La foi de ces hommes là, est déjà dans cette insistance à regarder le rebelle, celui qui va les tuer « comme le frère de la montagne » en opposition aux algériens pacifistes, les frères de la plaine. On sait que devant la montée de la violence, chaque soir autour du frère prieur, les moines de Tibhirine se posaient la question des raisons communautaires qui les incitaient à demeurer sur place.
Les réponses sont multiples et se cristallisent autour du fameux testament qui donne écho au titre de cet excellent documentaire. Trois ans avant d’être massacré, le frère prieur Christian écrit ce remarquable acte d’amour « s’il m’arrivait un jour (…) d’être victime du terrorisme ». Les phrases de cet écrit prémonitoire, et les réflexions du journal tenu par frère Christophe jalonnent le parcours de ce reportage, ponctué d’images d’archives sur le quotidien des moines dans leur monastère et de témoignages de leurs associés ,des agriculteurs algériens travaillant à leurs côtés.
Un voisin travaillant au jardin du monastère
Foin de l’enquête journalistique ou policière sur les auteurs du massacre, mais une approche méthodique de ce qui fait aimer l’homme. « Je nous sens vivant et libre de vivre » dit l’un des religieux, alors qu’un des chefs de la rébellion vient de se présenter, menaçant, à la porte du monastère. Et pourtant dira un autre « depuis qu’ils sont venus, je suis sans force ».
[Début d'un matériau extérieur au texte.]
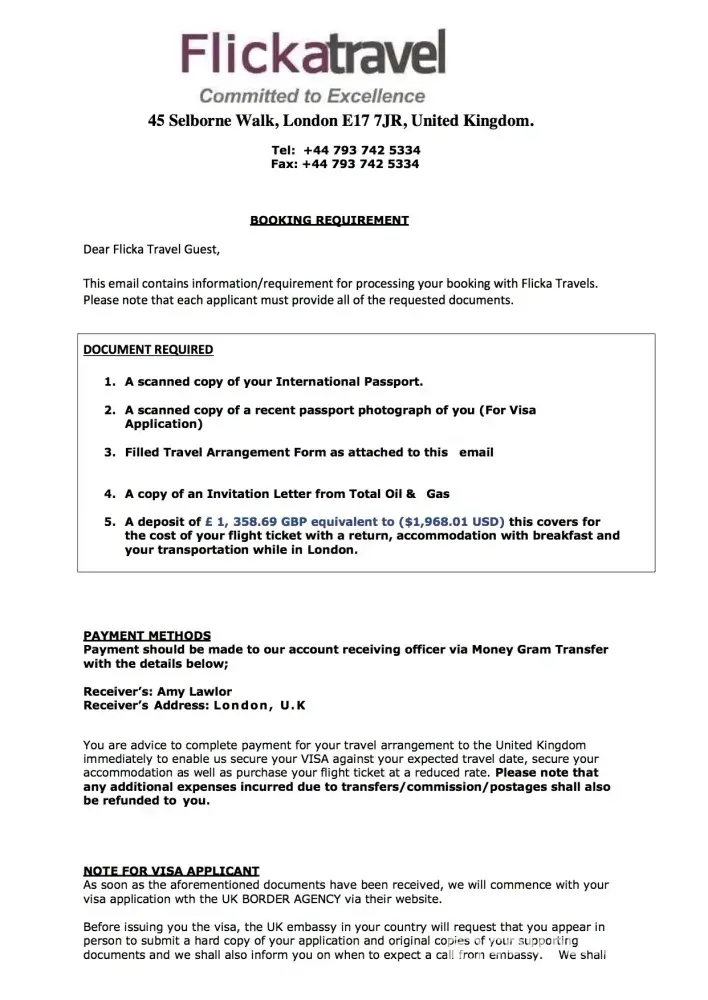 I sent my resume through Linkedin for this role on the 25th of August. LinkedIn Se ha recibido tu solicitud. ¡Buena suerte! Hola, Michelle: Hemos recibido tu solicitud para: Administration Manager TOTAL Argentina Yesterday I received this email with some attachments, with the Logo of Total with some instructions to follow to have a face to face interview. Attn: Michelle Couso, Thanks for your interest in the Total UK Family, please note that your resume submitted via LinkedIn has been evaluated and you have been short listed for Job interview. Please go through the attachments for important details of the invitation. We look forward to seeing you soon. Regards, Engr. Daniel McBrynt (Human Resource Relation Officer) TOTAL UK I wrote to the travel agency and they sent me this email today with 3 attachments, one for the Uk Visa, one asking me for £ 1.199.87 for travel arrangements. Batch No: 1093/TOT/13/UK Dated: 09/10/2015 Attn: Michelle Couso, Welcome to Crystal Travels Consultancy and Tours, United Kingdom. We confirm the receipt of your mail and the content has been noted. Please note that we have also received a confirmation email from Total as regarding your appointment with them and have been given the go ahead to proceed with your travel arrangement. We advise that you strictly work in line with our arrangement to enable us render quality service to you. We shall be handling Your flight, hotel booking and visa application (Should you be requiring a UK visa). Also, arrangement for your pick-up from Heathrow airport to your Hotel and vice versa, and from your hotel to interview venue and vice versa, will be handled by us. We also understand that visa processing might be stressful and time consuming when applying in your country, but with our help and services, your visa will be issued within a short space of time despite the limited time. We advise that you follow all our instruction and proceedings in order to get your visa in a very short possible time. Download the attached documents, fill the applicable, scan and send back to me as soon as possible to enable us proceed with your travel arrangement. NOTE: If you don't need a UK visa, I advise that you ignore the visa application form and passport photo size section and send every other document. And also note that all travel expenses will be refunded to you on arrival to London by the HR and account department of TOTAL Holdings UK Limited. Please confirm from your end that you have received this email. We hope to hear from you soon. Regards Mr. Christopher Fraser, (Visa Processing, Immigration and Booking Department) Crystal Travels Consultancy and Tours Colliers Green, Cranbrook Kent, TN17 2LS, United Kingdom Tel: +[protected] Tel: +[protected] Fax: +[protected] Email: crystal.[protected]@outlook.com [protected]@crystaltravelandtours.com I will try to contact Total Oil & Gas to inform of this situation because is a very sensitive issue.

L’évêque d’Alger, Henri Tissier ,arrivé bien après les événements tente comme beaucoup d’intervenants de comprendre le message laissé par ces hommes de prière « solidaires avec les gens du village et avec l’église d’Algérie. S’ils n’avaient pas tenu, nous n’aurions pas tenu (…) Ils étaient face à eux-mêmes et leur présence était un refus de la violence».
Compléments DVD (environ 55 minutes)
Le testament. Bruno Frappat, journaliste
A la tête du journal La Croix lors de la parution du testament de Christian en 1996, Bruno Frappat revient sur ce « scoop spirituel », qu’il estime être « un des plus beaux textes du XXe siècle ». S’ensuit une lecture du testament.
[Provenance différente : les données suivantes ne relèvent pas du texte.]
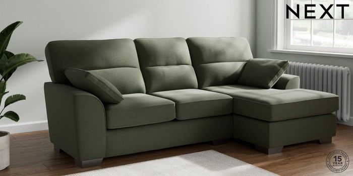 7.3.1 Buy Stamford Highback Medium Sofa Chaise - Right Hand Relaxed Linen Look Dark Green Large Square Angle - Gunmetal from the Next UK online shop Click here to use our accessible website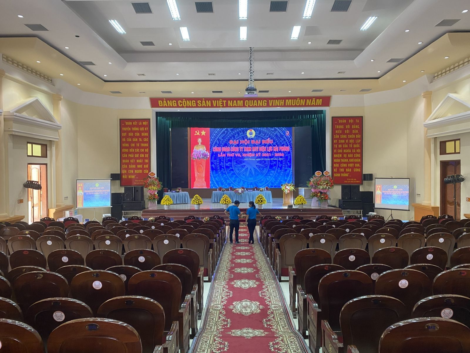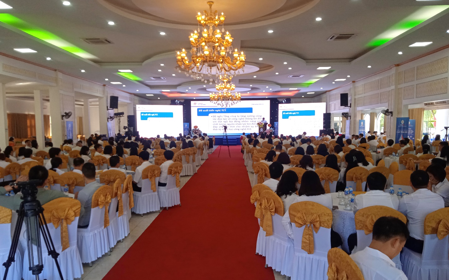 Hội trường lớn sức chứa 450 ghế, Màn hình LED 5x11m và đầy đủ các trang thiết bị hiện đại.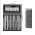 Четыре независимых канала позволяют одновременно заряжать от 1 до 4 аккумуляторов — как одинаковых, так и разных по типу, размеру и емкости. Возможность ручного выбора тока подзарядки 0.5А или 1А позволяет настроить устройство в зависимости от характеристик аккумуляторов. Имеет кнопки 1–4 (функциональные) для выбора типа аккумулятора. В течение 9 секунд после подключения к источнику питания и установке аккумулятора нажмите одну из кнопок, чтобы выбрать тип аккумулятора.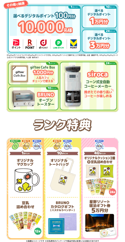 キッコーマンソイフーズ株式会社さんが実施しているプレゼントキャンペーンです。抽選で「選べるデジタルポイント」や「BURUNOオーブントースター」「sirocaコーン式全自動コーヒーメーカー」などが当たります。対象商品を購入してポイントを貯めてキャンペーンサイトから応募できます。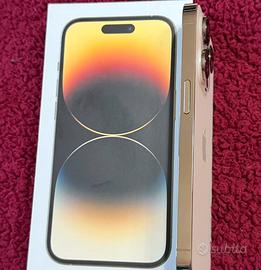 Iphone 14 pro 256 GB gold, privo di graffi, utilizzato sempre e solo con cover integrali e vetro di protezione schermo. Comprensivo di cavo di ricarica e diverse cover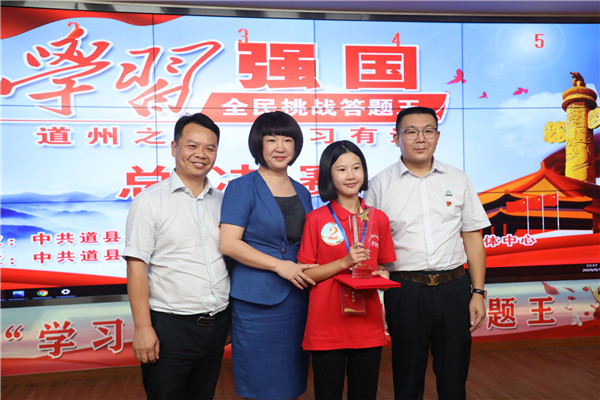 決賽現場分為鋒芒畢露、勇者相逢、巔峰對決三個環節,內容以「學習強國」全國平台挑戰答題為主。10名選手經過才華角逐、智慧較量,最終來自道州玉潭(東陽)學校的13歲初一女生張欣在50分鐘之內,以答對1281題全部通關的優異成績摘奪桂冠,驚艷全場。

L’islam, le pardon, par Pierre Lafitte, « frère des Frères », vivant à Alger
Analyse de la lettre de Christian, de son rapport à l’islam, mais aussi du thème du pardon.
Emmanuel Audrain, le réalisateur
Chrétiens, musulmans, quelle réciprocité ?, par Jacques Julliard
Le journaliste revient sur le témoignage des moines, qu’il refuse de considérer comme des martyrs. Il évoque également l’identité algérienne, et le développement de l’islam dans le monde. « L’un de leurs messages est d’avoir révélé l’Algérie à elle-même. Il n’y a de religion que dans la liberté ».
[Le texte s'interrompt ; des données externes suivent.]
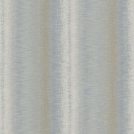 Papel pintado RE25143, que simula chenilla con rayas difusas, en color azul, cáñamo y perla, de la colección Reflect de Iberostil.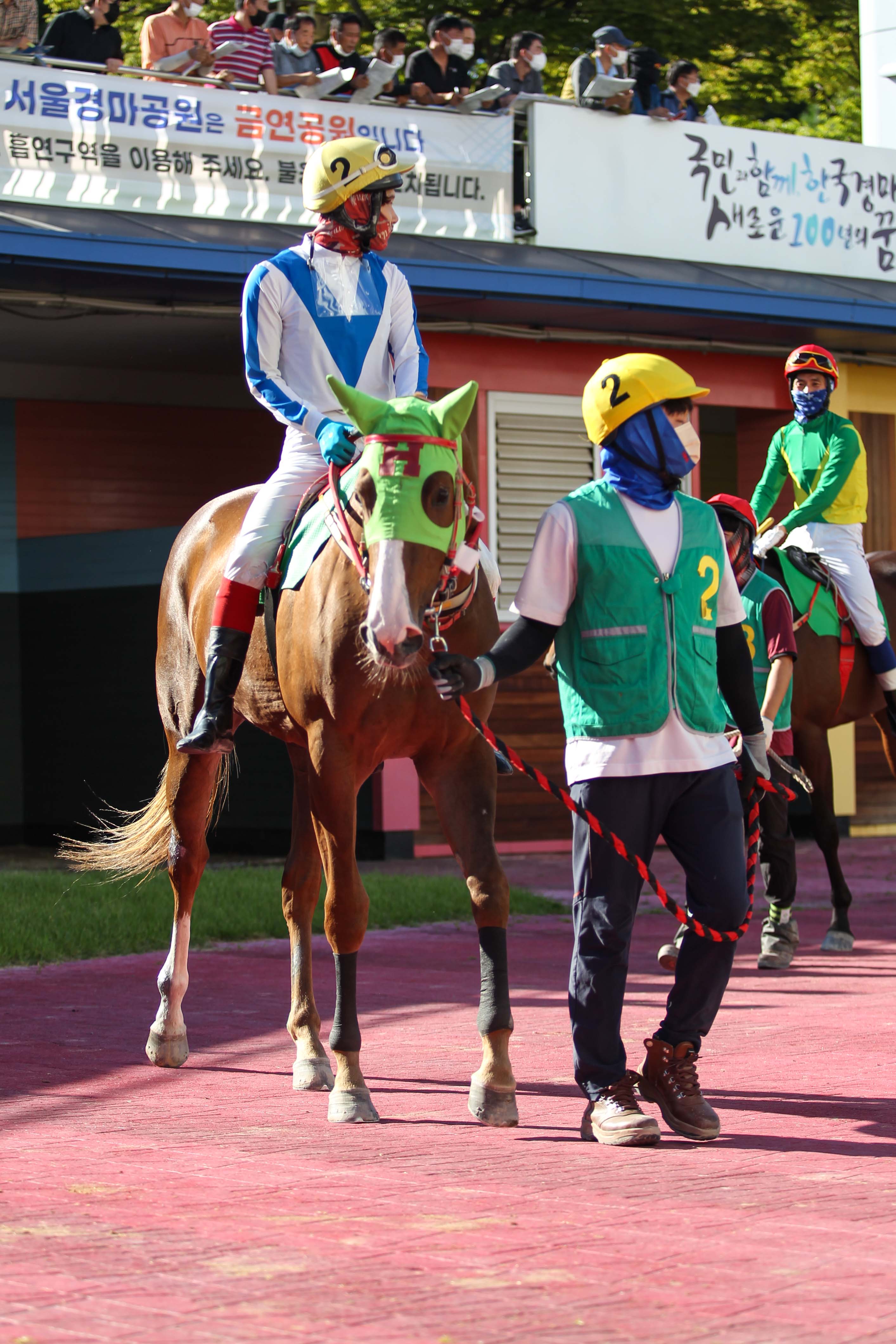 Áö³ 8¿ù 28ÀÏ °³ÃÖµÈ 2¼¼¸¶ Ưº°°æÁÖ ¡®Rookie Stakes@ºÎ»ê¡¯ÀÇ ¿ì½Â¸¶. ºÎ¸¶´Â ¡®Rookie Stakes@¼¿ï¡¯ ¿ì½Â¸¶ÀÎ ¡®ÀÚÀÌ¾ðÆ®ÆÝÄ¡¡¯¿Í °°Àº ¡®ÄáÄÚµåÆ÷ÀÎÆ®¡¯´Ù. ¸ð°è¿¡µµ ¡®½ºÅèĹ¡¯ÀÇ Çǰ¡ È帣´Â ´öºÐ¿¡ ÀÛ³â 10¿ù Çѱ¹°æÁÖ¸¶»ý»êÀÚÇùȸ °æ¸Å¿¡¼ ÃÖ°í°¡ÀÎ 1¾ï 5õ 7¹é¸¸ ¿ø¿¡ ³«ÂûµÇ¾ú´Ù. ÃâÀüÇÑ 3¹øÀÇ °æÁÖ Áß 2¹øÀ» ¡®¿ÍÀ̾îÅõ¿ÍÀ̾î(Wire to Wire)¡¯ ¿ì½ÂÀ» Â÷ÁöÇÏ¸é¼ ´É·ÂÀ» Áõ¸íÇϰí ÀÖ´Ù. 515kg ÀüÈÄ·Î 2¼¼¸¶ÀÓ¿¡µµ ü±¸°¡ »ó´çÈ÷ ÁÁÀº ÆíÀÌ´Ù.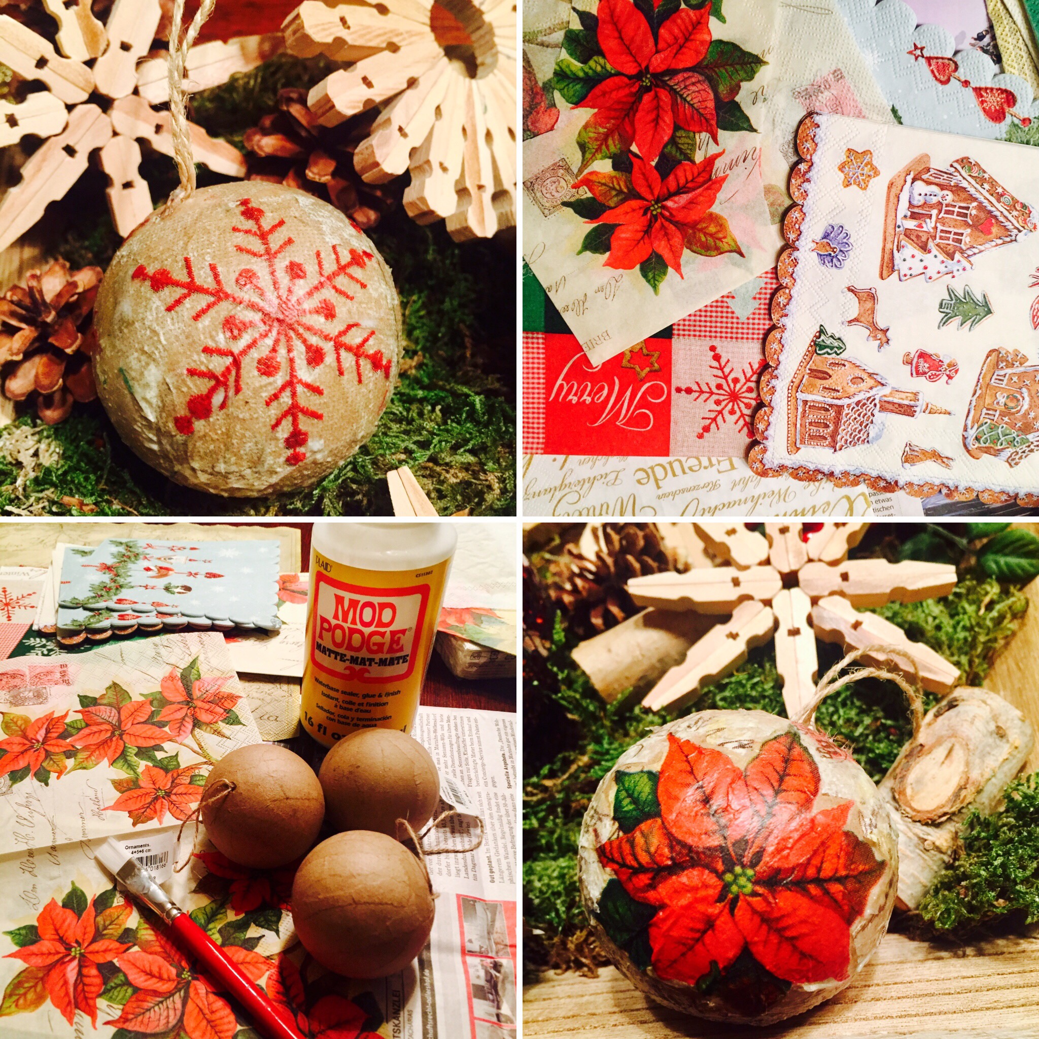 Heute nach Feierabend musste ich noch in die Apotheke um was gegen meine Erkältung zu besorgen. In dem Center wo sich meine Apotheke befindet ist im Kellergeschoss ein kleiner Bastelladen. Dieser zieht mich magisch an. Also ich konnte nicht anders und musste hinein gehen. Und was strahlt mich dort an …. Weihnachtskugeln aus Pappmaché mit Serviettentechnik gestaltet. Da ich dieses Jahr mit meinen Mädels zusammen die Serviettentechnik für mich entdeckt habe, konnte ich nicht anders und musste mir das Zubehör für diese Bastelei kaufen. Serviettenkleber hatte ich noch zu Hause. Und was hilft am Besten gegen eine Erkältung, wenn man was schönes für sich macht 😊 Also habe ich natürlich gleich damit angefangen Weihnachtskugeln aus Pappmaché mit Serviettentechnik zu gestalten. Diese Technik ist sehr einfach und für jedermann durchführbar. Man nimmt eine Serviette und zieht die oberste Schicht mit dem Druck von der Serviette ab. Man schneidet das Motiv seiner Wahl aus. Man streicht nun in der Größe des Motives den jeweiligen Gegenstand (in meinem Fall die Weihnachtskugel) mit Serviettenkleber ein. Nun drückt man das Motiv leicht an dieser Stelle an. Danach streicht man das Motiv mit einen Pinsel und Serviettenkleber ein. Man läßt das ganze trocknen und fertig ist die Serviettentechnik.

Le risque et l’engagement, par Henri Teissier
Evêque d’Alger de 1988 à 2008, Henri Teissier raconte la période extrêmement tendue des années 90 en Algérie, et revient sur l’attachement des religieux au peuple algérien.
Un jeune « beur » à Tibhirine, par Rachid et Annick Bouzit
Habitant de Tibhirine, il évoque sa rencontre avec les moines, comment ils ont changé sa vie, et lui ont permis de « grandir humainement ».
-La démarche spirituelle de non-violence, par Jean-Marie Muller, écrivain
Ce spécialiste de Gandhi, et de la non-violence, renvient sur le rapport des moines aux armes et à la brutalité des intégristes. Il évoque notamment le refus de Christian d’obéir aux ordres des islamistes.
Hypothèses à propos de la mort des moines, par John W. Kiser, écrivain
Auteur de l’enquête « Passion pour l’Algérie, les moines de Tibhirine », John Kiser explique les raisons du non-départ des moines, notamment l’attachement à la population locale, généralement rare chez les moines trappistes. Il évoque aussi l’enlèvement des religieux.
« Merci à « nos » moines », par les voisins de Tibhirine
Les habitants de Tibhirine, gardent un souvenir émouvant des moines. Ils en parlent avec une simplicité qui devait être celle de leurs amis français.
(1) C’est en 2007, après avoir vu le documentaire d’Emmanuel Audrain que le scénariste Étienne Comar proposera à Xavier Beauvois de réaliser un film sur les moines de Tibhirine.